TASK DESCRIPTION: Transcribe the stretch of entries below from the line with "Vietnamese sand gold" through the line with "玩过登陆上去领,我没充值过,地址是2008.com。", exactly and with both ends included; leave out all other lines.
[Opening RECORDS FOR PROCESSING section]
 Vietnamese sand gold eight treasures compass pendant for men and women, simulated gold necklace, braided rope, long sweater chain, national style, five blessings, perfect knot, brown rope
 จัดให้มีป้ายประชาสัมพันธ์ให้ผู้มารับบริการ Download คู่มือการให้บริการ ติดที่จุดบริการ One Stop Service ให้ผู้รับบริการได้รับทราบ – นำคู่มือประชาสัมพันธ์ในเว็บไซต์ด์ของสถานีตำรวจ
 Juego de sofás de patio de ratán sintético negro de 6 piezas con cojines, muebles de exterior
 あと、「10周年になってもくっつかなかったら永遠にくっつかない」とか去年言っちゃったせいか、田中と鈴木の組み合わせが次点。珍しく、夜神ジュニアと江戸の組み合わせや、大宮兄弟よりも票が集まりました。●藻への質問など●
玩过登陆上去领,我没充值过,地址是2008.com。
[Closing RECORDS FOR PROCESSING section]
[Opening RECORDS FOR PROCESSING section]
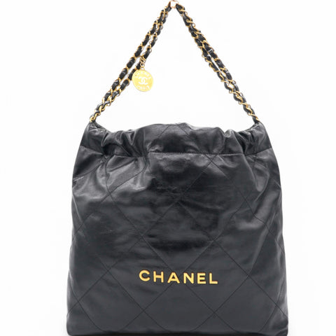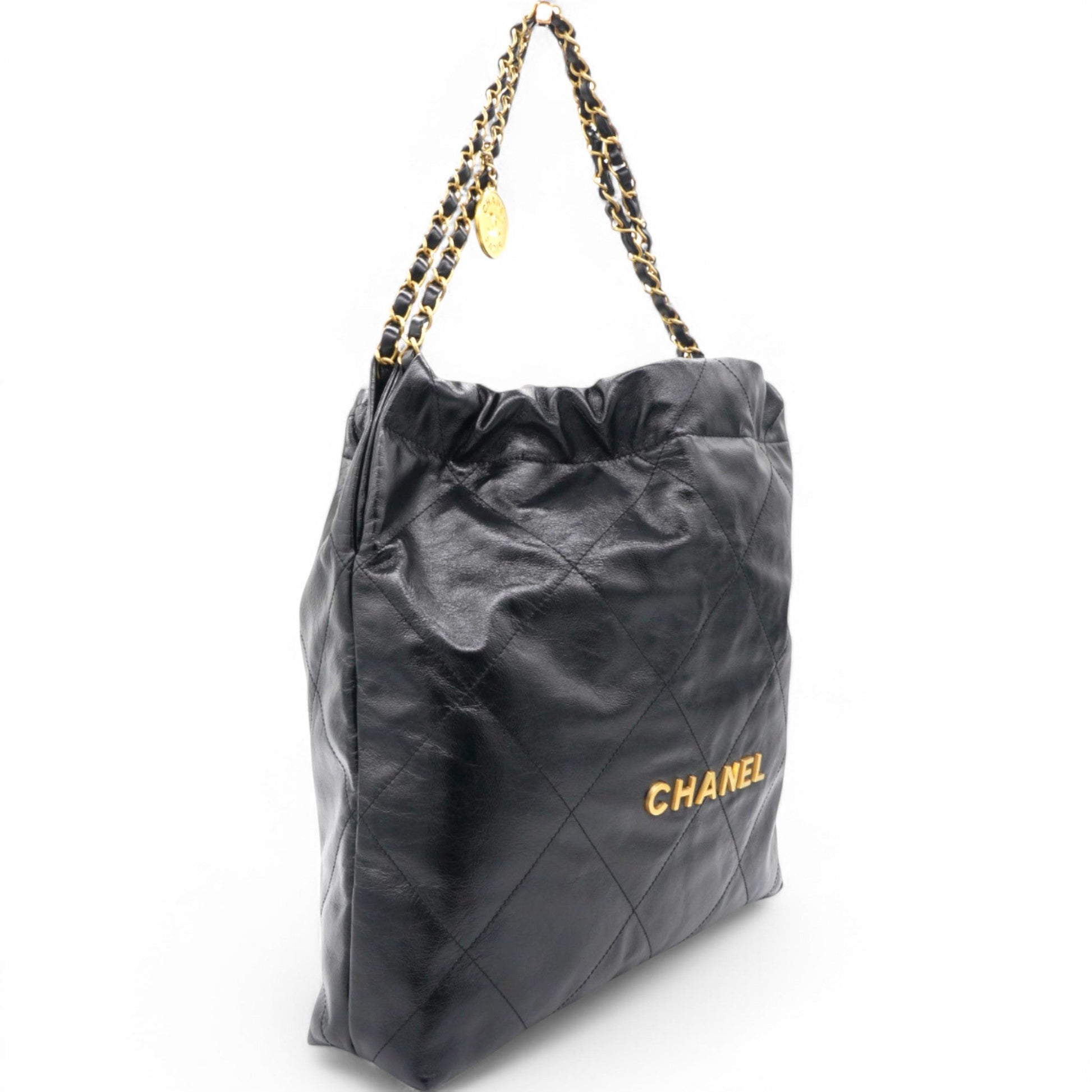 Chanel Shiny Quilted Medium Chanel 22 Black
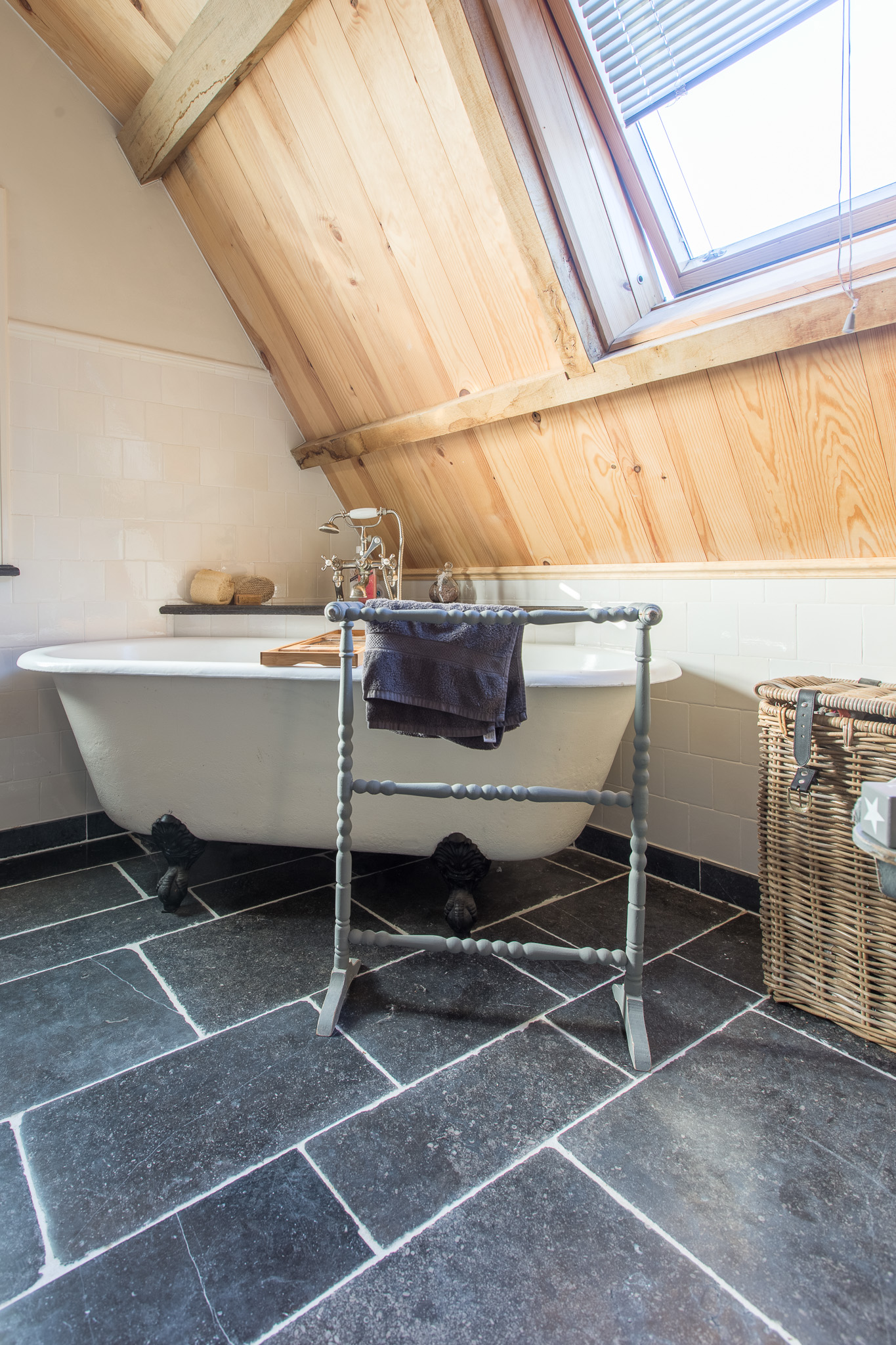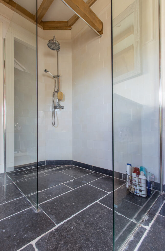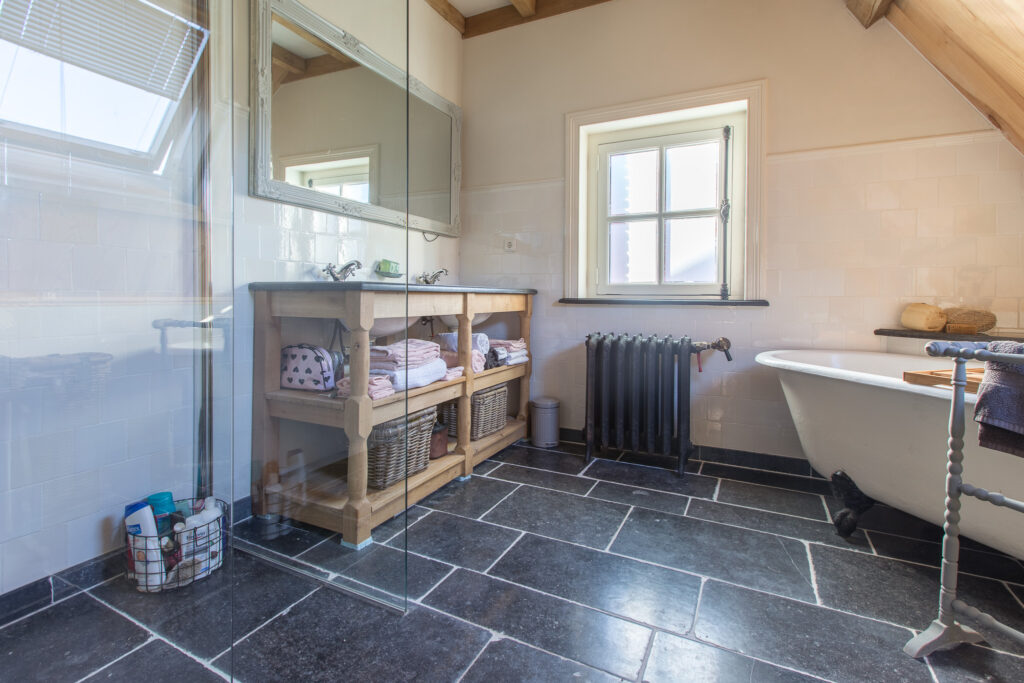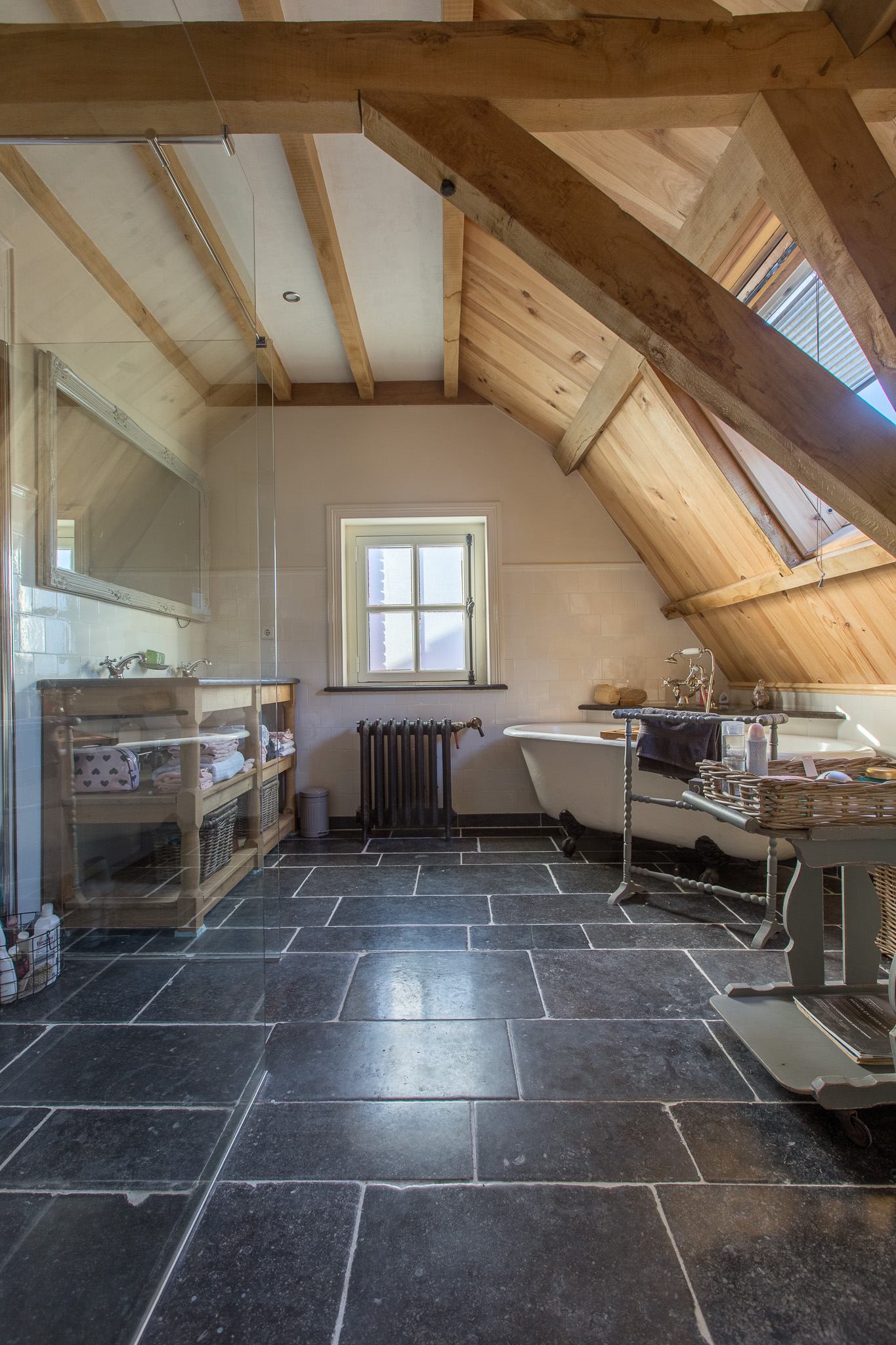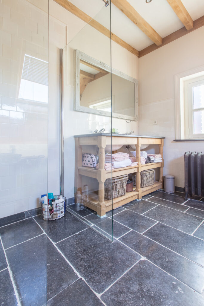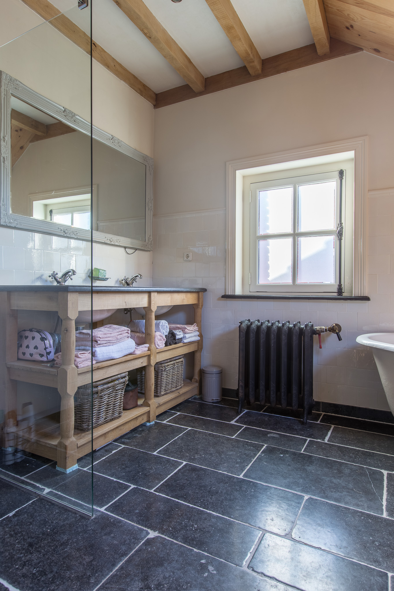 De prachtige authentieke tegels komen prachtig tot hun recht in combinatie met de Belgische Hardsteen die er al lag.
[Closing RECORDS FOR PROCESSING section]
[Opening RECORDS FOR PROCESSING section]
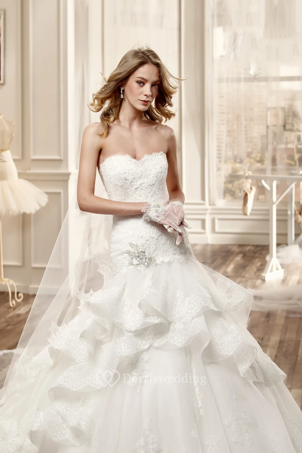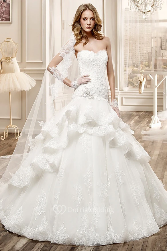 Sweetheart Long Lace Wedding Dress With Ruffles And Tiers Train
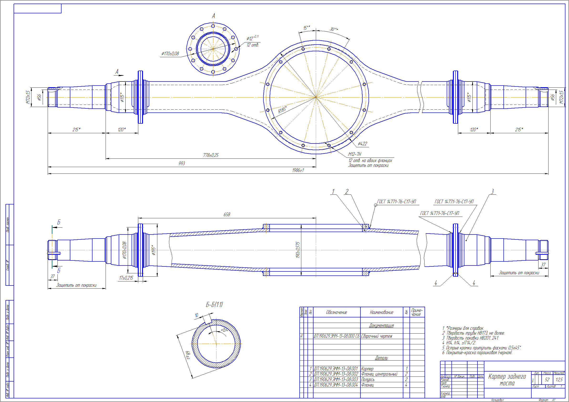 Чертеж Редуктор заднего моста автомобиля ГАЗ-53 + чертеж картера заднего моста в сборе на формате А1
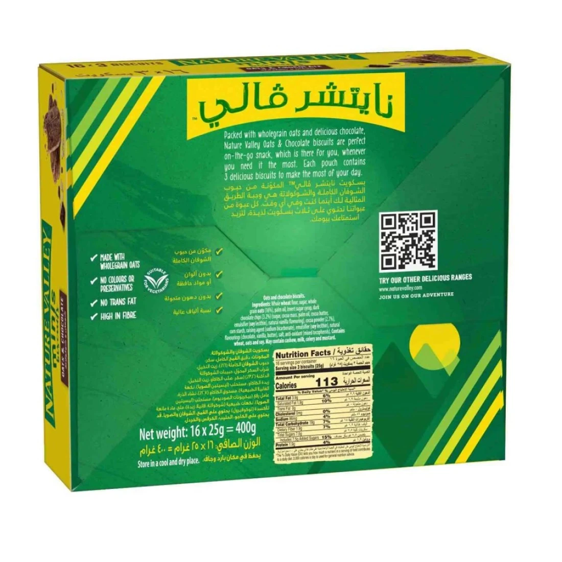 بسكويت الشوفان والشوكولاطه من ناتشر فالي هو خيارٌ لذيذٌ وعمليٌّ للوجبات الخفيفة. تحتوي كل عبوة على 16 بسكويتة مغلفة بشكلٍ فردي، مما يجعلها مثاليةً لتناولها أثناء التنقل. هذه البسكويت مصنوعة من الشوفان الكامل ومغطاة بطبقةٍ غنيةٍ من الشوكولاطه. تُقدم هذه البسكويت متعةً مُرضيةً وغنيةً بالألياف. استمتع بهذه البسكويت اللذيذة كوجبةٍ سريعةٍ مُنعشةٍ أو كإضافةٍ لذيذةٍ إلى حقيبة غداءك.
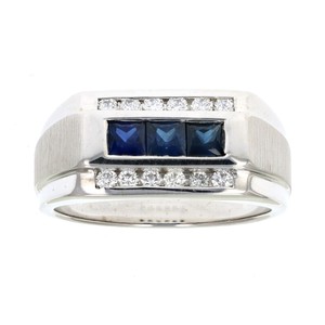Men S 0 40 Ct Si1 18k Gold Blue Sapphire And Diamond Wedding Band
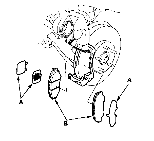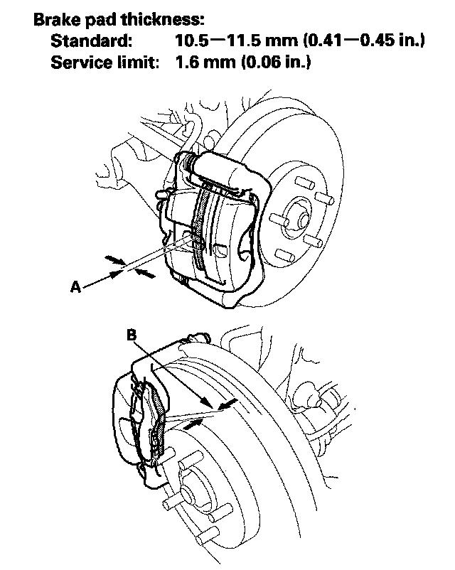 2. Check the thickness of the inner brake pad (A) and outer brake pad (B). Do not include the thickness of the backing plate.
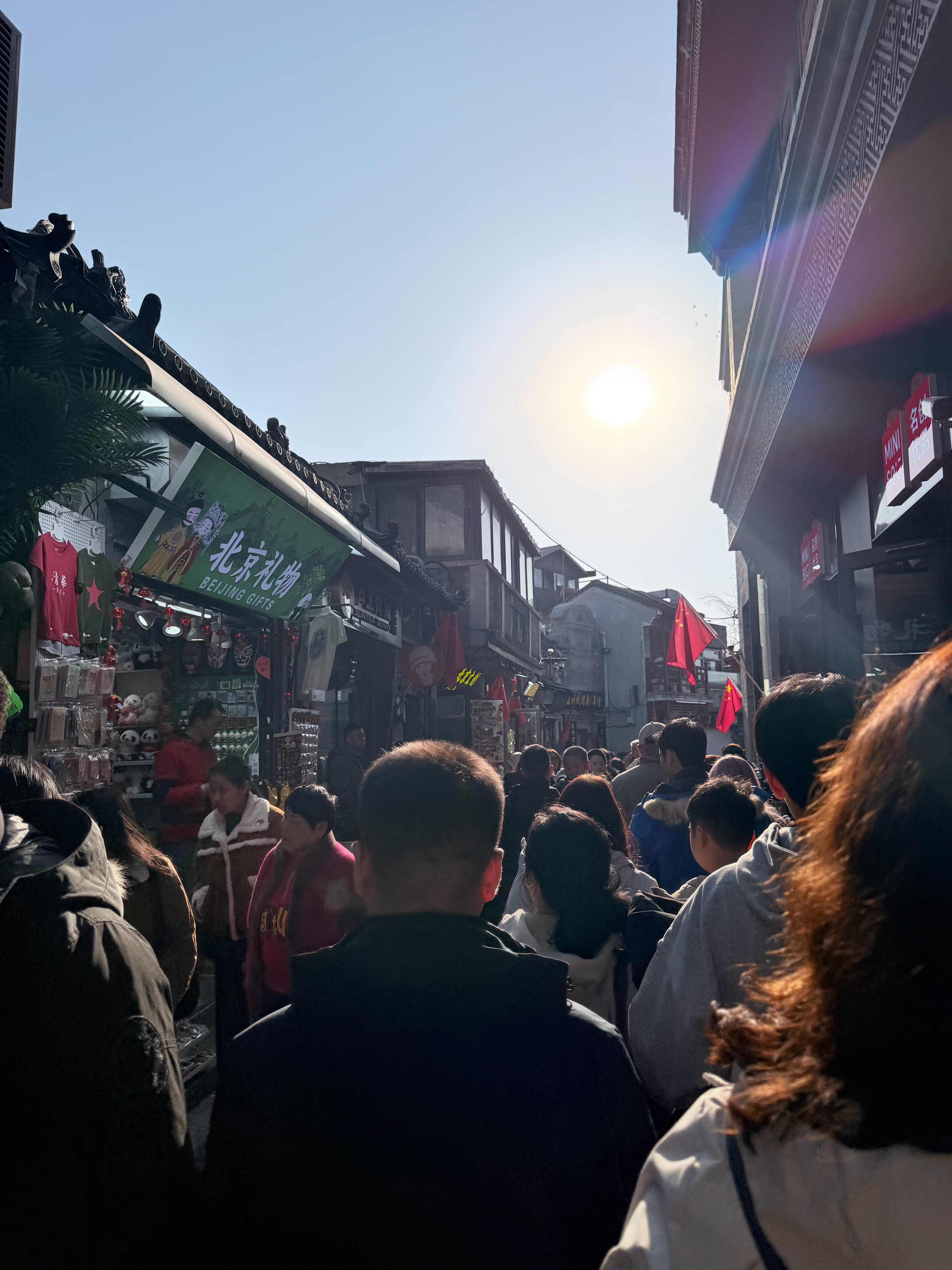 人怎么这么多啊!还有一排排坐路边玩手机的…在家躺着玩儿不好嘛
[Closing RECORDS FOR PROCESSING section]
WRITTEN RESPONSE:
 Vietnamese sand gold eight treasures compass pendant for men and women, simulated gold necklace, braided rope, long sweater chain, national style, five blessings, perfect knot, brown rope
 จัดให้มีป้ายประชาสัมพันธ์ให้ผู้มารับบริการ Download คู่มือการให้บริการ ติดที่จุดบริการ One Stop Service ให้ผู้รับบริการได้รับทราบ – นำคู่มือประชาสัมพันธ์ในเว็บไซต์ด์ของสถานีตำรวจ
 Juego de sofás de patio de ratán sintético negro de 6 piezas con cojines, muebles de exterior
 あと、「10周年になってもくっつかなかったら永遠にくっつかない」とか去年言っちゃったせいか、田中と鈴木の組み合わせが次点。珍しく、夜神ジュニアと江戸の組み合わせや、大宮兄弟よりも票が集まりました。●藻への質問など●
玩过登陆上去领,我没充值过,地址是2008.com。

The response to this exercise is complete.